Часть 9 из 45 В начало
Для доступа к библиотеке пройдите авторизацию
– Я и говорю: неудачная шутка природы.
К этому моменту Оливер, уже стоявший на коленях в траве, буквально выронил книгу из рук.
– Может, вы как-нибудь к нам зайдете и почитаете мне, – обратилась она к нему. – Я правда очень хорошая – и вы, мне кажется, тоже очень хороший.
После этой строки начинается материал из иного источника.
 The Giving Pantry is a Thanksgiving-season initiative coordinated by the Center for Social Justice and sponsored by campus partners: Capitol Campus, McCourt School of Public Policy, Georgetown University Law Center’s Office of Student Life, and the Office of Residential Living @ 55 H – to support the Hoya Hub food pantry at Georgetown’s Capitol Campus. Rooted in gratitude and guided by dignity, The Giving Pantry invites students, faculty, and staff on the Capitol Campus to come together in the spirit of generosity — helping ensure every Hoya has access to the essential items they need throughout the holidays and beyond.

Ну ладно, до свидания.
Она перелезла через ограду между нашими домами.
– И простите, если напугала вас, как призрак… То есть…
Я видел: ее саму смутила эта неловкая метафора.
Если к этому моменту музыка еще не сблизила нас с Оливером, то появление Вимини – совершенно точно.
Мы разговаривали о ней весь вечер. Мне не приходилось подбирать слова. Говорил в основном Оливер – и задавал вопросы тоже. Он был зачарован. А я в кои-то веки не болтал о себе.
Вскоре они подружились. Вимини взяла в привычку вставать чуть свет и дожидаться его с утренней пробежки или купания; потом они вместе шли к калитке, спускались по ступенькам и направлялись к одному из камней, где садились и разговаривали до самого завтрака. Никогда еще мне не доводилось быть свидетелем столь красивой и крепкой дружбы. Я никогда им не завидовал, и никто – уж тем более я – не смел встревать между ними или подслушивать их беседы. Никогда не забуду, как она неизменно протягивала ему ладошку, стоило только открыть калитку, ведущую вниз по скале к камням. Вимини редко уходила так далеко, если только ее не сопровождал кто-нибудь из взрослых.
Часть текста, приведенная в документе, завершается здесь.